I have a bunch of arrays like that which only need to be calculated inside the kernel.
Is this ligit?
This is compiling fine , but as I try to assign a value to vav[i][j][k] , I got at seg fault.

Hi Jam1

I think you can’t since it is not allowed to call library functions inside a kernel.

I am afraid the only way is that you have to use cudaMalloc (or functions of the same family) before calling your kernel.

Matt

This is strange. It seems that the malloc call does not generate the error but only the assignment.
Why would that be? And why no error message during compile?
If I do cudamalloc ouside the kernel, do I need to pass the array as argument?

Thanks for any clues.

That shouldn’t be the case. nvcc should emit a “error: calling a host function from a device/global function is only allowed in device emulation mode” error and stop.

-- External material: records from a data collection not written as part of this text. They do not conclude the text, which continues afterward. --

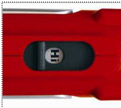
2-Gears with Auto-Lock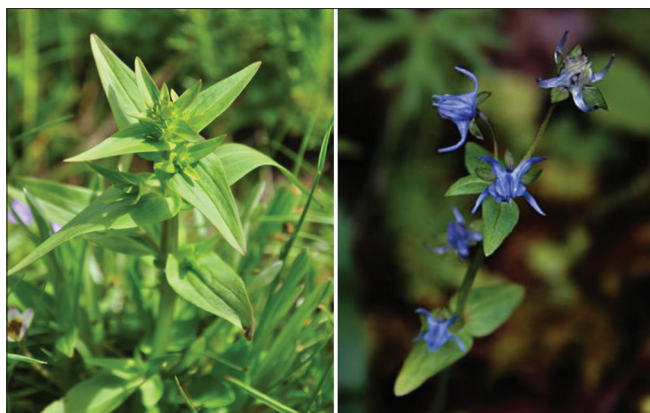
Figure 1: The habitat and its flower of Halenia elliptica D. Don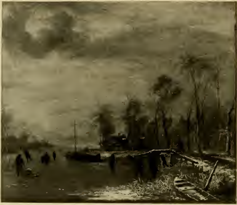
WINTER SCENE BY JAN VAN DE CAPELLE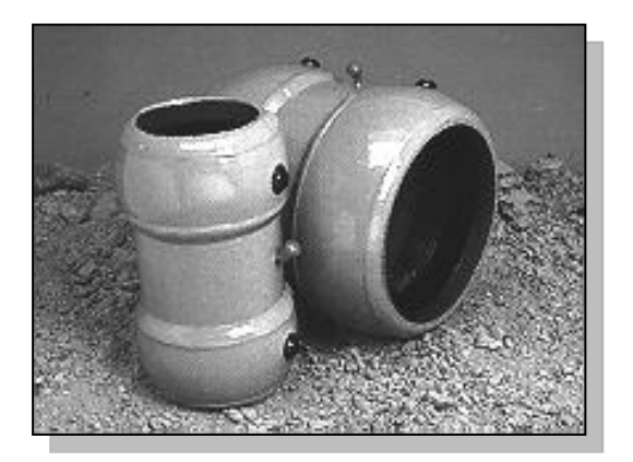
Figure 4 – Hydraulic style coupling

This type of joining method is no longer commonly used on polyethylene, however because there may exist product in the operator's system we review the technology here. This type of coupling involves a steel body product with two hydraulic port holes. Internally, there are gripping plates and seals that are forced onto the piping via hydraulic fluid pressure. Use of this fitting requires that the operator use and maintain a hydraulic pump. The hydraulic hose is attached to the fitting body and hydraulic fluid is pumped into the fitting body thus forcing the gripper and sealing mechanisms onto the pipe. Fluid pressure is measured on a pressure gauge attached to the pump. Installation pressure is predetermined by the manufacturer and detailed in the installation instructions.

No, you can also write the address of the allocation onto a constant memory symbol as well. But the kernel has to be made aware of it one way or the other.

Oops, I was compiling with emulation ON.

But then, should it work at all in emulation mode ?

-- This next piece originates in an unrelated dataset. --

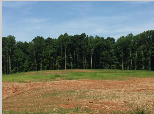
One of the recently graded lots is Lot 4, located at the end of the cul-de-sac on East London Drive. It is 24+ acres with 10 acres graded.

Bedford County Office of Economic Development

You are right, it does give an error without emulation and does not compile.

Maybe I am spending too much time in emulation/debug mode to get this program going and I forgot to swich :(

How would you do that?

Thanks

Emulation is purely host code, 100% compiled by the host compiler. It would be more surprising if it didn’t work.

cudaMemcpyToSymbol

thank you, I will try that.

The last line of the first post said that it give an error in emulation. Maybe not related to this problem.

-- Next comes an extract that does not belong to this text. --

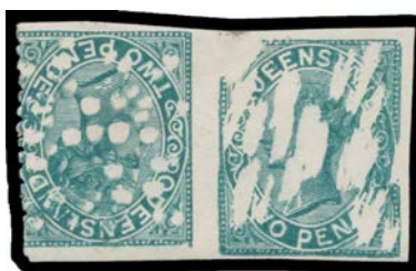
Ex Lot 204

204 OP Oddments on stockcards including NSW Laureates 1d forgery pair, Queensland Lined Background 2d defaced plate proof tête-bêche pair, postmark interest including Victorian BN 'M52' superb strike (rated RR), condition variable. (119 items) 400 T

There are two issues - not compiling and not working. The not working part almost certainly an error in your code. The not compiling part is down to what features are/are not supported by the different compilation trajectories nvcc uses depending on whether you are compiling for emulation or the device.

I am trying to male this cudaMemcpyToSymbol , but no luck so far.

I looked at the examples in SDK, but none fit my task exactly. For example, how do I declare the symbol ?
I tried the following outside the functions:
float ***vav[3]; // it says invalid device symbol

in the call

cutilSafeCall( cudaMemcpyToSymbol(vav, h_vav, 121212*sizeof(float) ));

Then I tried to put constant , device, shared, global in front of float, nonthing works.
Thanks for your help

You can see a working example here.

Ok, I can see that _device float is declared outside the function.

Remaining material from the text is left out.